Work required>
The whole listing below, with no pictures, is to be repeated as it stands.
START Supplied material
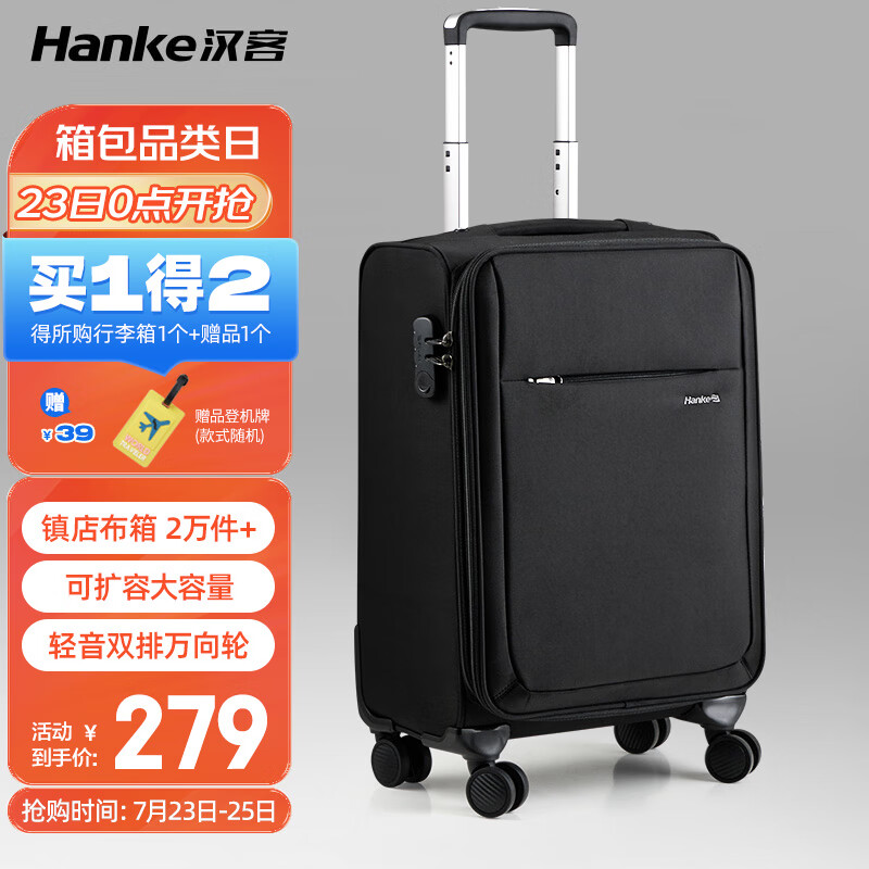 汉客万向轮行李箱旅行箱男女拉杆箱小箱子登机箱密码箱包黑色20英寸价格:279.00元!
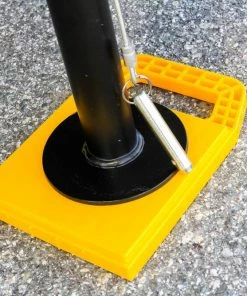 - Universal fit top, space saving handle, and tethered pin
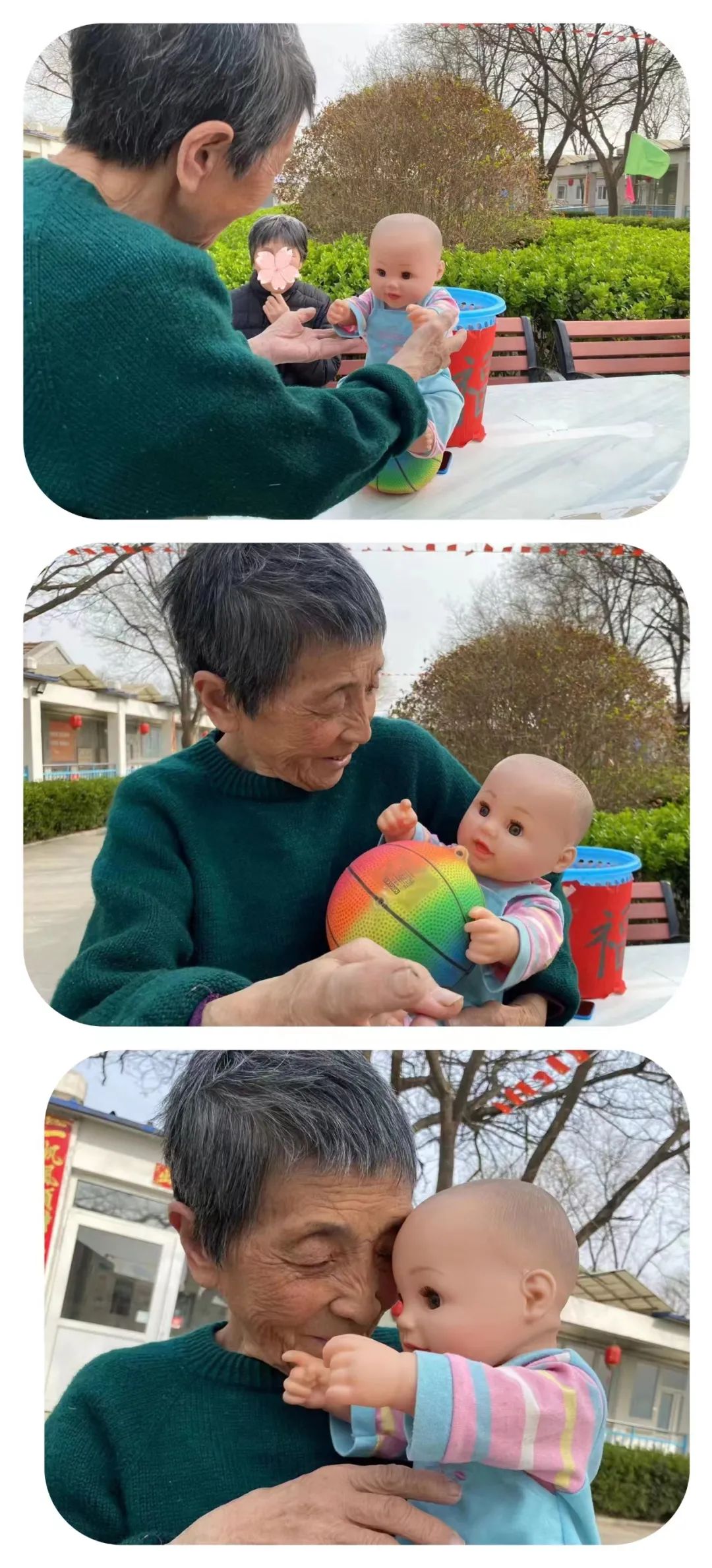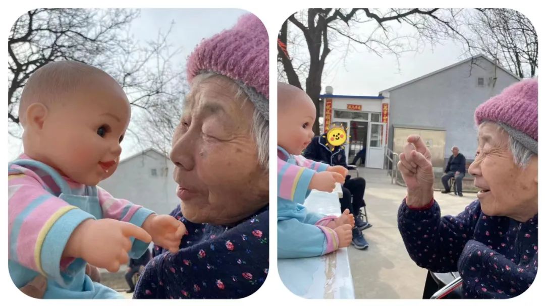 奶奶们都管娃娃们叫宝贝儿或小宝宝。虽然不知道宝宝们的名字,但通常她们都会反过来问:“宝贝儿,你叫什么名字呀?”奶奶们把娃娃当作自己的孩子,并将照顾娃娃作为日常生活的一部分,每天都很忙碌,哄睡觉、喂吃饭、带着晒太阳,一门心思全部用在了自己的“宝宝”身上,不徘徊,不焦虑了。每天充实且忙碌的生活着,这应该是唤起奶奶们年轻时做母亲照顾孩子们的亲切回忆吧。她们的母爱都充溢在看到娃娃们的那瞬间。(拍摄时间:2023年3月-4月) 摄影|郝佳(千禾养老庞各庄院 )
END Supplied material
Task answer>
 汉客万向轮行李箱旅行箱男女拉杆箱小箱子登机箱密码箱包黑色20英寸价格:279.00元!
 - Universal fit top, space saving handle, and tethered pin
 奶奶们都管娃娃们叫宝贝儿或小宝宝。虽然不知道宝宝们的名字,但通常她们都会反过来问:“宝贝儿,你叫什么名字呀?”奶奶们把娃娃当作自己的孩子,并将照顾娃娃作为日常生活的一部分,每天都很忙碌,哄睡觉、喂吃饭、带着晒太阳,一门心思全部用在了自己的“宝宝”身上,不徘徊,不焦虑了。每天充实且忙碌的生活着,这应该是唤起奶奶们年轻时做母亲照顾孩子们的亲切回忆吧。她们的母爱都充溢在看到娃娃们的那瞬间。(拍摄时间:2023年3月-4月) 摄影|郝佳(千禾养老庞各庄院 )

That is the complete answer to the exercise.